Consider the following situation,
You are looking for a hospital for the treatment of someone elderly in your family. There are two prominent choices available, Hospital A and Hospital B. For the last 1000 patients those which got treated from Hospital A had a survival rate of 90% whereas those which got treated from Hospital B had survival rate of 80%. So, Hospital A seems to be a clear winner right? Well it may not be the case.
One shouldn’t ignore the fact that all the patients which arrive at the hospital do not have same health level.
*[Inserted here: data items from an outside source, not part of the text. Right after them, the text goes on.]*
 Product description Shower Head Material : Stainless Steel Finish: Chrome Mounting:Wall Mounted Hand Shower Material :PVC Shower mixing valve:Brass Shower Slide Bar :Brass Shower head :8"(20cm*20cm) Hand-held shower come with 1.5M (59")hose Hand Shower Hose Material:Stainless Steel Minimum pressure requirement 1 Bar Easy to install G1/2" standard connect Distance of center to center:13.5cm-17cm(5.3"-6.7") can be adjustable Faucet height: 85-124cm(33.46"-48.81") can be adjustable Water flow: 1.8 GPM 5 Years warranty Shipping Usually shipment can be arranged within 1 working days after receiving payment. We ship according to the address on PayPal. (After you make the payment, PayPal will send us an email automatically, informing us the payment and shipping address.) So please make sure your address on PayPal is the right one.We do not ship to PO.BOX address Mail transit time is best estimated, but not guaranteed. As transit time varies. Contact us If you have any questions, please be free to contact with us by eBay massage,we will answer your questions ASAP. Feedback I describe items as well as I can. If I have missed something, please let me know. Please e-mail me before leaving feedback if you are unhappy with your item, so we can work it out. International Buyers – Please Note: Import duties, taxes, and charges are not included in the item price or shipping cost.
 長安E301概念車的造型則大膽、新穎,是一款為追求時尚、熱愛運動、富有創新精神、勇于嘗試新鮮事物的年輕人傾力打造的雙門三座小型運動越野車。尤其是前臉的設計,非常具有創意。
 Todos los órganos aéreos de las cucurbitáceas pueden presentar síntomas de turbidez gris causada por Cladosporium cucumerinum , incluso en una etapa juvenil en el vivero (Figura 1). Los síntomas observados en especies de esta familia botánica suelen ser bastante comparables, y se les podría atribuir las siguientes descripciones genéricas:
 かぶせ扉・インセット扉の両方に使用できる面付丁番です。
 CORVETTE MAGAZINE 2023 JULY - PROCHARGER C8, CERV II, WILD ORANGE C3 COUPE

For example we can classify the patients having good health and bad health repectively. Let the number of survival rates of the patients considering the above classification scheme be as follows:
- Hospital A - 900 in good health out of which 830 survived, 100 in poor health out of which 30 survived
- Hospital B - 600 in good health out of which 590 survived, 400 in poor health out of which 210 survived
Interestingly, the survival rates of the patients having poor health is 52.5% in B and 30% in A. Amazingly, the survival rates of the patients having good health for Hospital A is 92.22 % whereas the same for Hospital B is 98.33%. Turns out that Hospital B is a clear winner and that too convincingly.
The above is an example of Simpson’s paradox which occurs when the aggregated data hides a conditional variable, which is hidden additional factor that significantly influences results.
Statistics are persuasive. So much so that people, organizations, and whole countries base some of their most important decisions on organized data. But any set of statistics might have something lurking inside it that can turn the results completely upside down.
Simpson’s paradox isn’t hypothetical. You can look at Mark Liddel’s video for more examples.
The above is one of the many things about statistics which I found very fascinating.